Content starts

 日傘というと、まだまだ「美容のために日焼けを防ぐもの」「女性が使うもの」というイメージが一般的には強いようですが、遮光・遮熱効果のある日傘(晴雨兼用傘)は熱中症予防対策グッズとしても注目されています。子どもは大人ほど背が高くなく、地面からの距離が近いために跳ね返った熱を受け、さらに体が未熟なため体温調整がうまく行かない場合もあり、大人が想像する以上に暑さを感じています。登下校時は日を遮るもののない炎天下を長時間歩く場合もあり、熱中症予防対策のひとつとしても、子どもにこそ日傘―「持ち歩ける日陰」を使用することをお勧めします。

Content ends
Content starts

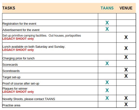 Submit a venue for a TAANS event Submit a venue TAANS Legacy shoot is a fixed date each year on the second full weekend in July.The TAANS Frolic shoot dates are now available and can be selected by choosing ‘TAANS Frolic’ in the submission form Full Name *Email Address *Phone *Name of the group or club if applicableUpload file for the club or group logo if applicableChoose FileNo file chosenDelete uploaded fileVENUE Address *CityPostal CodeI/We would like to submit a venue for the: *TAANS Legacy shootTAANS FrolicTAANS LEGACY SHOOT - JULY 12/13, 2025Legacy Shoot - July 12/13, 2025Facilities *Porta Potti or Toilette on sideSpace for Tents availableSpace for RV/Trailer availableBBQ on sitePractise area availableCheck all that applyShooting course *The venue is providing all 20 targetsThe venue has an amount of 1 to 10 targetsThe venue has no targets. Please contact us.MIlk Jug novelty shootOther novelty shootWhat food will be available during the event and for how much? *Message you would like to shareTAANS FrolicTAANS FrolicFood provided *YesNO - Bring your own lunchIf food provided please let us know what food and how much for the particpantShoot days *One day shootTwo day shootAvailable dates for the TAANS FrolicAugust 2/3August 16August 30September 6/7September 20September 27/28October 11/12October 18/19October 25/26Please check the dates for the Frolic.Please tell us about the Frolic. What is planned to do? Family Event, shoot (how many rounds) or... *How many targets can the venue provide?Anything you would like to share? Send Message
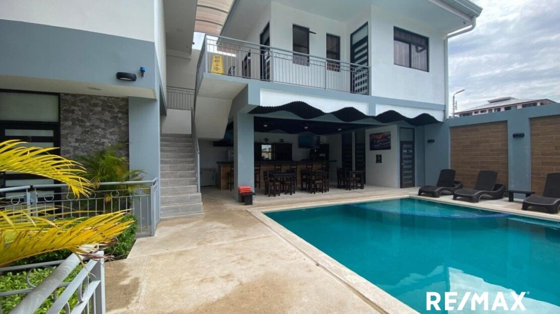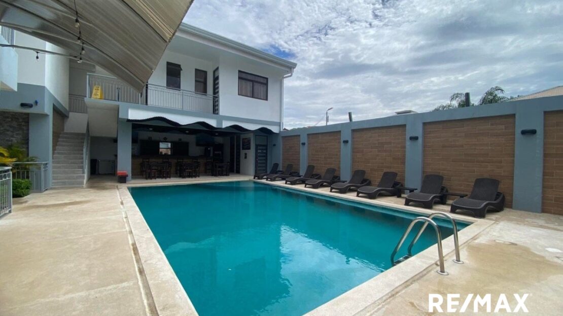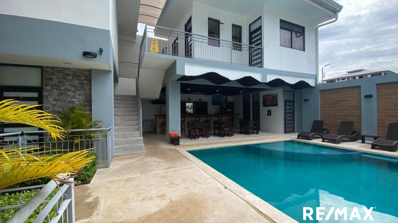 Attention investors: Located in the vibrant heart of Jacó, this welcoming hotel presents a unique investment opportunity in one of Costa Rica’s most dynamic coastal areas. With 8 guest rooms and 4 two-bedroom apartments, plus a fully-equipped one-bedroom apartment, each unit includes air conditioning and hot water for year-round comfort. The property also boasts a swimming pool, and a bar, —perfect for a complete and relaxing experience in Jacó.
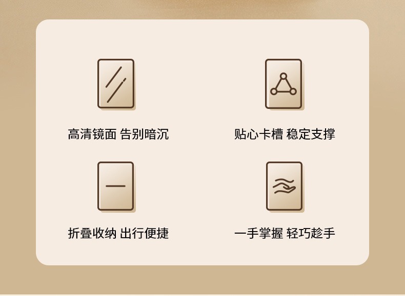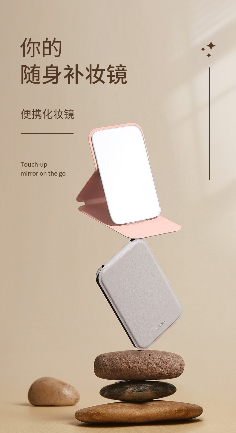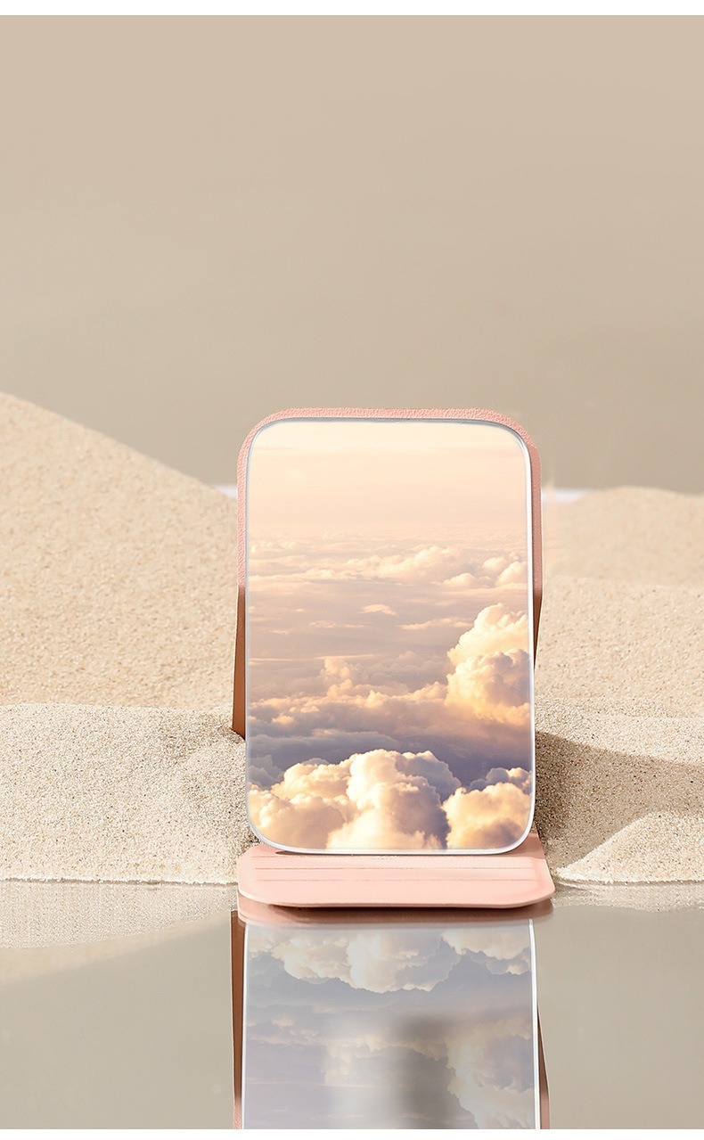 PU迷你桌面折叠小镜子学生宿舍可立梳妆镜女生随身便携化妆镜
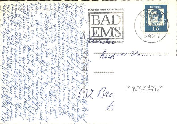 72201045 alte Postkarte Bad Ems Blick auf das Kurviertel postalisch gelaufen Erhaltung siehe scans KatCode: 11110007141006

Content ends

§ **Task objective**
What you write out is the stretch of entries from the line containing "PU迷你桌面折叠小镜子学生宿舍可立梳妆镜女生随身便携化妆镜" to the line containing "72201045 alte Postkarte", word for word, with both end lines and no pictures.

§ **Response area**
 PU迷你桌面折叠小镜子学生宿舍可立梳妆镜女生随身便携化妆镜
 72201045 alte Postkarte Bad Ems Blick auf das Kurviertel postalisch gelaufen Erhaltung siehe scans KatCode: 11110007141006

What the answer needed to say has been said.